Sodium Metabisulfite

TL;DR. This ingredient is primarily used as an antioxidant and reducing agent, helping protect formulas and oxygen-sensitive ingredients from discoloration and oxidation. It can also support preservation in some water-based systems, but it is not usually the sole preservative.

What does Sodium Metabisulfite do in a cosmetic formula?

This ingredient is primarily used as an antioxidant and reducing agent, helping protect formulas and oxygen-sensitive ingredients from discoloration and oxidation. It can also support preservation in some water-based systems, but it is not usually the sole preservative.

Is Sodium Metabisulfite clean?

From a clean-beauty perspective, this ingredient is acceptable but has friction because sulfur-based sensitivity reactions are well documented in a small subset of users. It is typically used at low levels and is more often flagged for tolerance and labeling context than for broad restricted-list status.

Is Sodium Metabisulfite sustainable?

This material is an inorganic, synthetic salt made from mineral-derived feedstocks rather than a renewable plant source. It is water soluble and does not behave like a persistent silicone or polymer, and it oxidizes into simpler inorganic salts in the environment.

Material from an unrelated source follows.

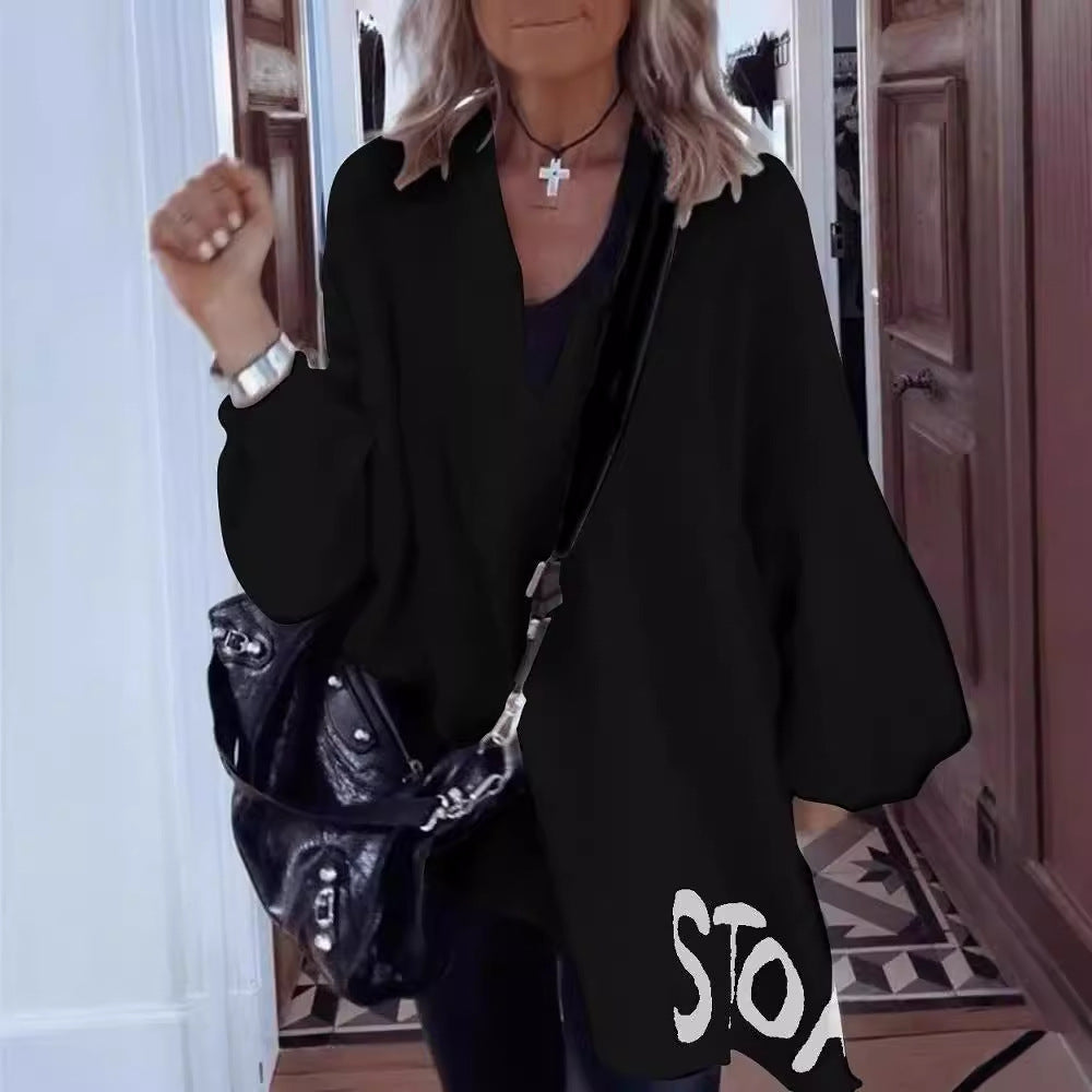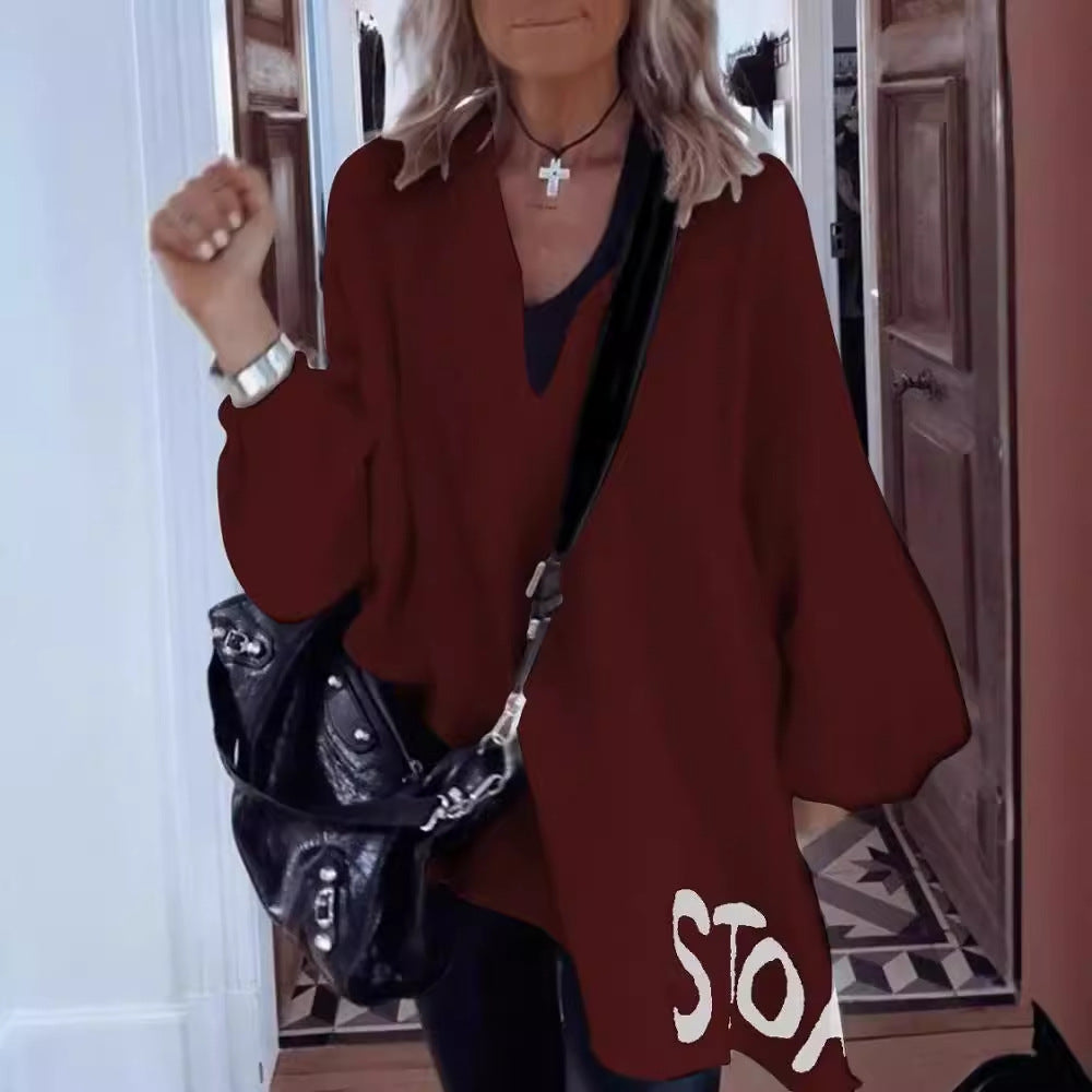 Ženski top od pamuka i lana s V-izrezom

Is Sodium Metabisulfite COSMOS-approved?

It is allowed under COSMOS-style natural formulations only under specific permitted-use conditions, and it is not considered an organic-origin ingredient. Its Green Chemistry profile is mixed: low use levels and water compatibility are positives, while nonrenewable feedstocks and limited biodegradability relevance for an inorganic salt keep it from a stronger alignment.

How does Sodium Metabisulfite work chemically?

The molecule is an inorganic sodium salt with a reducing sulfur-oxyanion structure that converts in water into related oxygen-scavenging species. Typical cosmetic use is low, often about 0.01% to 0.2%, with best performance in acidic to mildly acidic water systems and gradual loss of activity as it oxidizes.